However, documents acquired years later demonstrated that the story told by Tehlirian to the jury of the court in Berlin was a fabrication;[10] 1) Tehlirian had not planned the Talat Pasha murder by himself. Instead, he acted within Operation Nemesis launched by the Armenian Revolutionary Federation (ARF-Dashnaktsutyun) to primarily exact revenge for the Armenian relocation. The ARF had completely ignored its key role and fault in the deterioration of trust in Turkish-Armenian relations, had chosen to place the entire blame on the Ottoman Empire, and had sought to send a political message to everyone through a campaign of retribution. 2) Prior to murdering Talat Pasha, Tehlirian had in 1919 murdered Haroutiun Mugerditchian, a loyalist Ottoman Armenian, within the framework of Operation Nemesis. This means that Tehlirian was not an ordinary victimized Armenian, but an experienced assassin. 3) Tehlirian had left the Ottoman Empire in 1913 and settled in Belgrade where his father and brother resided to pursue an education in engineering. After the First World War started, he traveled to Tbilisi and joined Armenian volunteer units who were colluding with Russian forces invading Anatolia. Tehlirian only returned to Erzincan in July 2016, and based on available information, his father had not left Belgrade. As can be understood from all of this, it was simply not possible for Tehlirian to have suffered from the trauma that he told the court in Berlin.[11]

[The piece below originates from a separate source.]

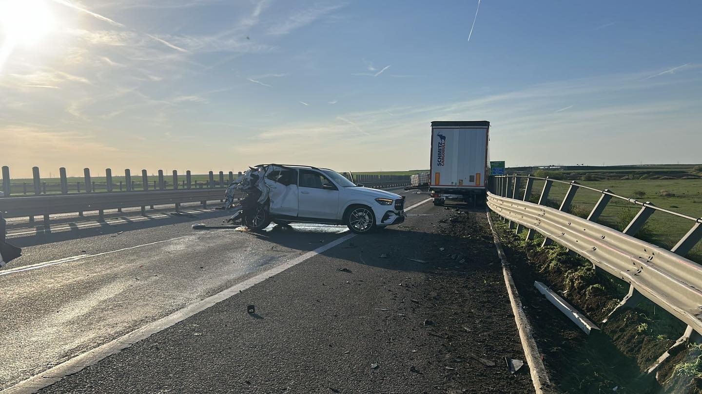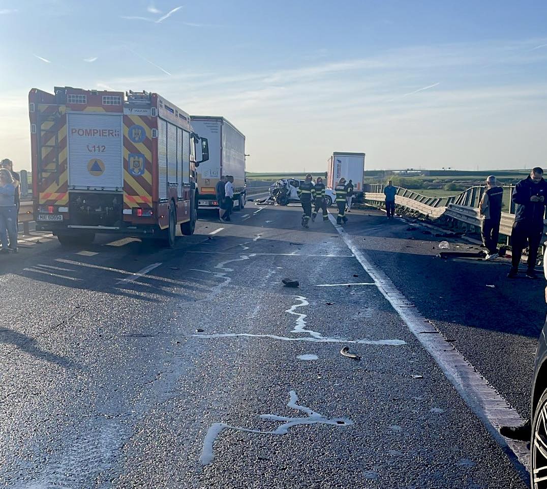„La data de 06 aprilie 2026, în jurul orei 18:25, pe autostrada A1 Deva-Nădlac, a avut loc un accident pe sensul de mers dinspre localitatea Giarmata înspre municipiul Arad, între un autoturism condus de un bărbat de 56 de ani și un autocamion condus de un bărbat de 36 de ani. În urma impactului, o persoană a decedat, respectiv bărbatul de 56 de ani, iar o femeie de 50 de ani a fost rănită și transportată la spital pentru îngrijiri medicale de specialitate”, a informat Poliția Timiș.

Consequently, the portraits of Talat Pasha and Soghomon Tehlirian painted by nationalist Armenian historiography does not reflect the truth. The statue erected in the town of Maralik/Armenia in 2015 therefore glorifies and heroizes a Tehlirian who was in fact a liar and a cold-blooded killer and terrorist. In this framework, the statue fails to be anything more than a source of provocation between Turks and Armenians.

The distorted historiography, the incitement of hatred, and the encouragement of extremism put forth through Talat Pasha and Soghomon Tehlirian is not an isolated incident. Various developments in Armenia and the Armenian Diaspora have served or continue to serve a similar negative function:

1) In May 2019, the remains of Gourgen Yanikian’ın (1895-1984), who had assassinated Turkey’s Los Angeles Consul General Mehmet Baydar and Consul Bahadır Demir in Santa Barbara/the US in 1973, was transported from the US to Armenia and buried in a military cemetery with a state ceremony.[12] This means that Armenia has treated a terrorist who murdered a neighboring country’s diplomats as a hero.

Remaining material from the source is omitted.